Prinsip tradisional di Kampung Dukuh ini masih berlaku sebagai pranata sosial yang dapat mengendalikan perilaku manusia dalam berinteraksi dengan alam atau dengan sesamanya. Penguatan pendidikan dalam konteks nilai-nilai budaya sangat relevan untuk diajarkan dalam situasi dan kondisi saat ini penurunan nilai-nilai agama cukup tinggi dibandingkan dahulu yang tunduk patuh pada ajaran yang berlaku di lingkungan sekitar termasuk dengan nilai budaya lokal sangat dijunjung tinggi, berbeda hal di zaman modern saat ini penurunan nilai-nilai budaya lokal menjadi masalah sosial yang kurang ditangani secara tuntas bahkan tidak banyak yang tau tentang beberapa budaya yang masih berkembang saat ini. Menurut Mulyana et al., (2022, hlm. 12). Budaya menjadi suatu cara hidup yang berkembang dan dimiliki bersama oleh sebuah kelompok orang, dan diwariskan dari generasi ke generasi. Keberagaman budaya, yang memiliki perbedaan satu wilayah dengan wilayah lainnya. Namun dasarnya seluruh budaya yang ada pada hidup manusia, menjadi nilai kebaikan bila budaya tersebut dijadikan landasan kebaikan. Problematika yang terjadi saat ini adalah dalam aspek rendahnya kemampuan masyarakat khususnya para generasi muda dalam menjaga kelestarian budaya dan sejarah yang berada di daerahnya.Masalah terkait penurunan nilai-nilai budaya harus diantisipasi, dengan menjadikan nilai-nilai Cebor Opat Puluh untuk dijadikan kajian terkait penurunan nilai budaya yang lebih di fokuskan pada sosiologi budaya.

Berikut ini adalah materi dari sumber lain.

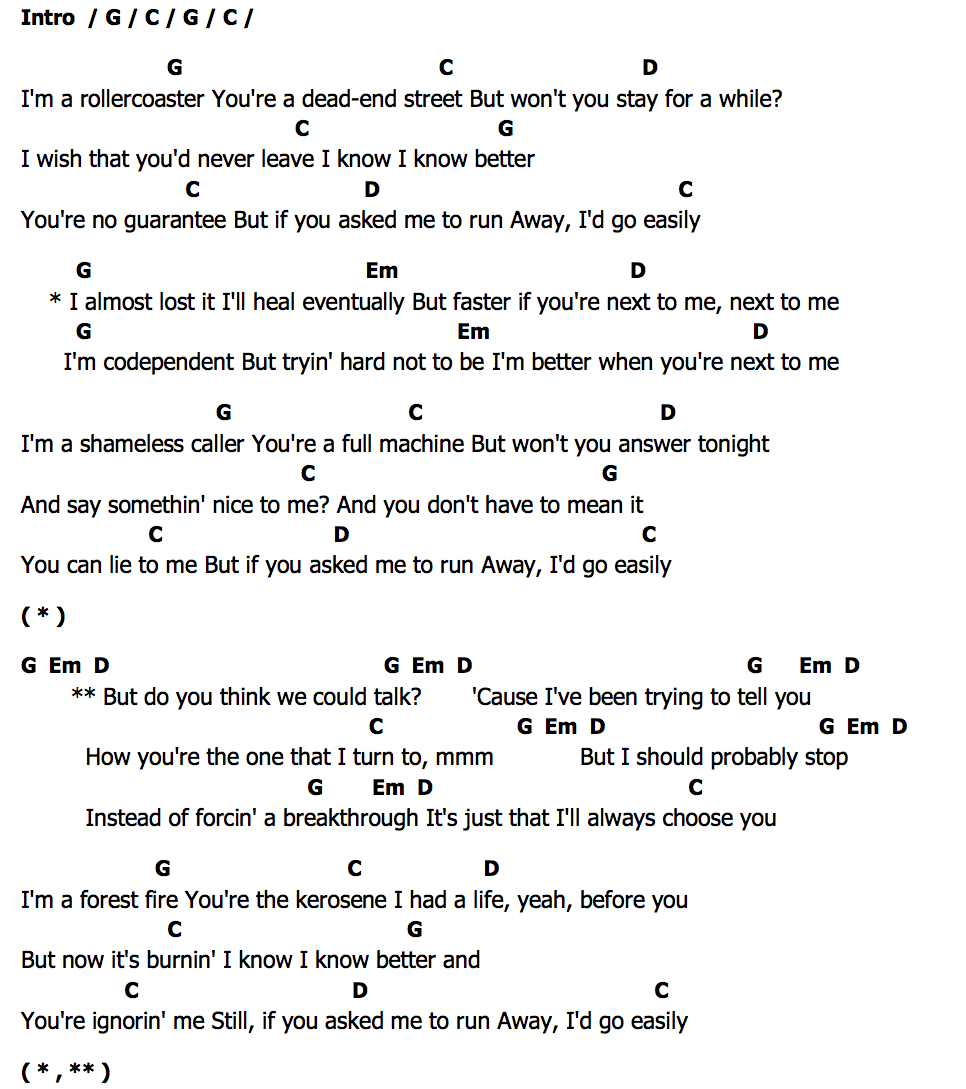 You're no guarantee But if you asked me to run Away, I'd go easily

Istilah Cebor Opat Puluh berasal dari bahasa Sunda yang artinya mandi dengan empat puluh kali Kucuran (basuhan). Tradisi Cebor Opat Puluh adalah kegiatan mandi yang dipimpin oleh kuncen bernama Mama Uluk serta kedua anaknya, anak dari Mama Uluk yang merupakan wakil dari kuncen Kampung Dukuh orang yang telah dipercaya dan ditugaskan untuk memimpin Tradisi Cebor Opat Puluh. Istilah makna dari penanaman tradisi ini yaitu berdasarkan bacaan atau doa dengan membacakan Istighfar empat puluh kali salah satu tindakan yang dilakukan untuk memohon ampunan kepada Allah dalam mensucikan diri serta empat puluh kali siraman dengan tujuan untuk membersihkan jiwa dalam berbagai alasan tertentu terkait jasmani dan rohani. Makna Opat Puluh berdasarkan pandangan islam aturan mandinya disesuaikan dengan do,a yaitu Opat Puluh berkaitan dengan syariat lahir.

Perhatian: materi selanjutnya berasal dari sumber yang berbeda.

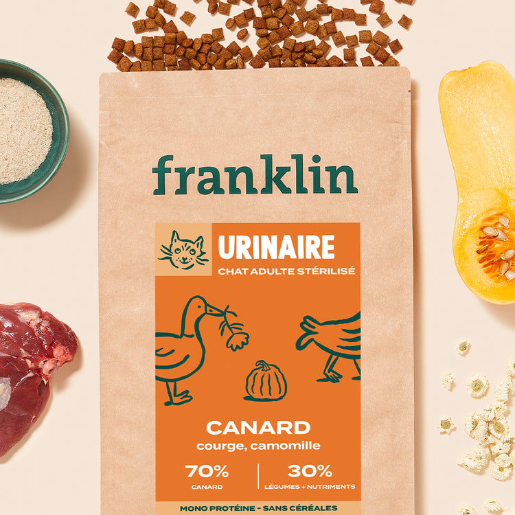 Les croquettes Canard, Courge, Camomille ont été formulées pour convenir aux chats sensibles souffrant de troubles urinaires ou ayant un système urinaire fragile. Cette recette favorise le bien-être et le confort urinaire des chats et contribue à limiter la récidive de cystite et des infections. En effet, elle contient du chlorure de sodium qui s’apparente à du “sel de table”. Plusieurs études ont montré que cet ingrédient augmentait la consommation d’eau de votre félin et favorisait ainsi la bonne dilution de ses urines. La L-Méthionine permet également d'acidifier les urines du chat et ainsi limiter les calculs de struvite. Donner une alimentation adaptée à son chat est un moyen de prévention contre les problèmes urinaires. Attention, ces aliments ne remplaceront pas un traitement contre une maladie de la fonction rénale ou une insuffisance rénale. Une prise en charge par un vétérinaire est nécessaire pour lutter contre la maladie.

Pelaksanaan Cebor Opat Puluh terbagi ke dalam dua bagian yaitu pelaksanaan secara khusus dan pelaksanaan secara umum. Dalam proses pelaksanaan secara khusus dilaksanakan pada tanggal 14 mulud dan pada hari sabtu, sedangkan pelaksanaan secara umum dapat dilaksanakan pada hari kapan saja sesuai keinginan setiap individu serta maksud dari tujuannya.

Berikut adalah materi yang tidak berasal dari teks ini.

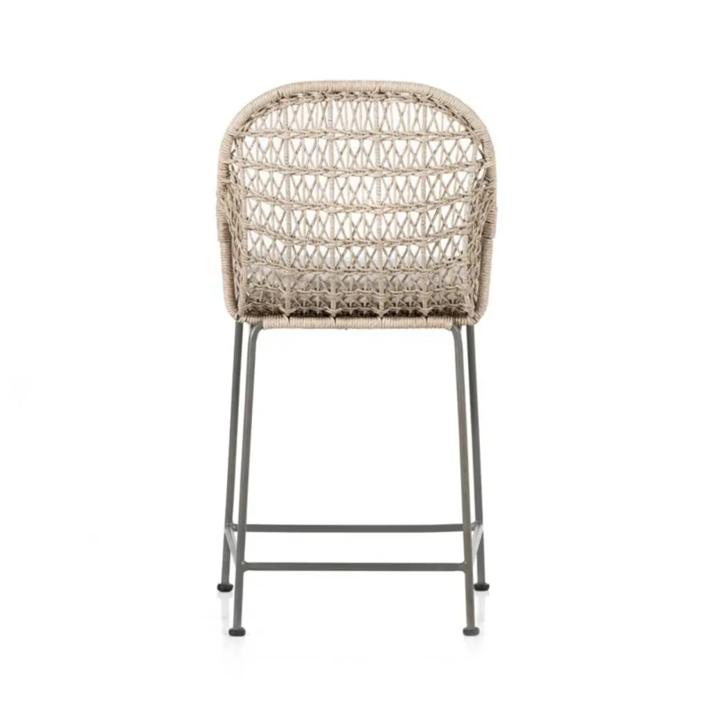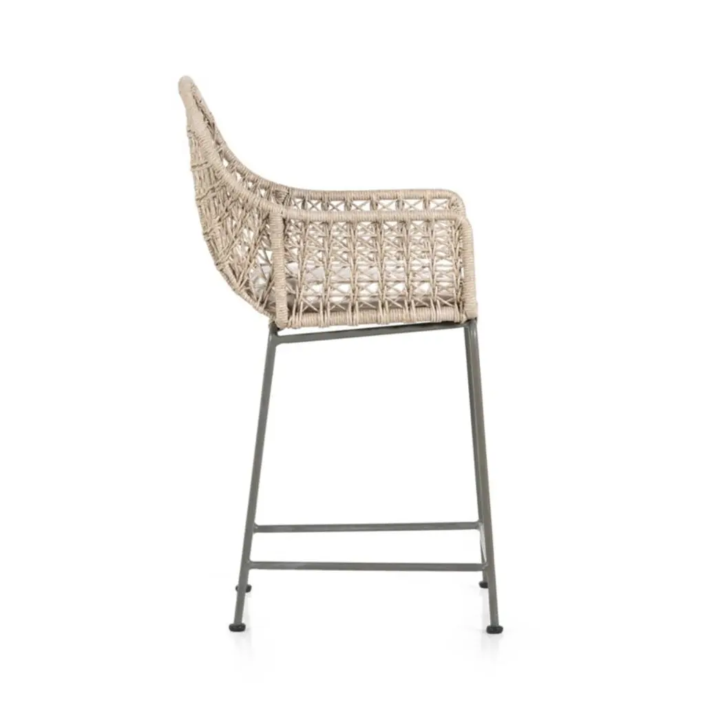 Armchair comfort and modern minimalism unite in our outdoor Arcadia stool. A breezy open cross weave of all-weather wicker wraps on a linear grey-bronze iron frame, complementing the slim legs and showcasing the seat's flowing curves. A white seat cushion adds a layer of comfort. With its beachy vibe and contemporary style, the counter stool is perfect for hanging out at a high-dining table or outdoor bar.

Waktu Pelaksanaan pada 14 mulud di laksanakan pada malam hari sekitar jam 21.00-03.00 WIB, Sedangkan pelaksanaan pada hari sabtu dapat dilakukan siang dan malam. Pelaksanaan secara umum dilaksanakan pada waktu kapan saja sesuai permintaan seseorang yang akan melaksanakannya serta dapat dilakukan pada siang dan malam hari. Tradisi Cebor Opat Puluh yang dilaksanakan setiap satu tahun sekali tersebut merupakan janji dari Syekh Abdul Jalil yang ingin memandikan semua masyarakat yang berkunjung ke Kampung Dukuh.Pelaksanaan waktu dan hari merupakan ciri khas dari aturan dalam pelaksanaanya. Budaya ini merupkan wawasan nenk moyang yang masih dipake di zaman modern era digital ini hal ini merupakan salah satu budaya yang masih eksis di suku sunda sampai sekarang.
dengan budaya kita mampu mengenal dan mempunyai sebuah identitas yang berbeda yang menciptakan adanya toleransi.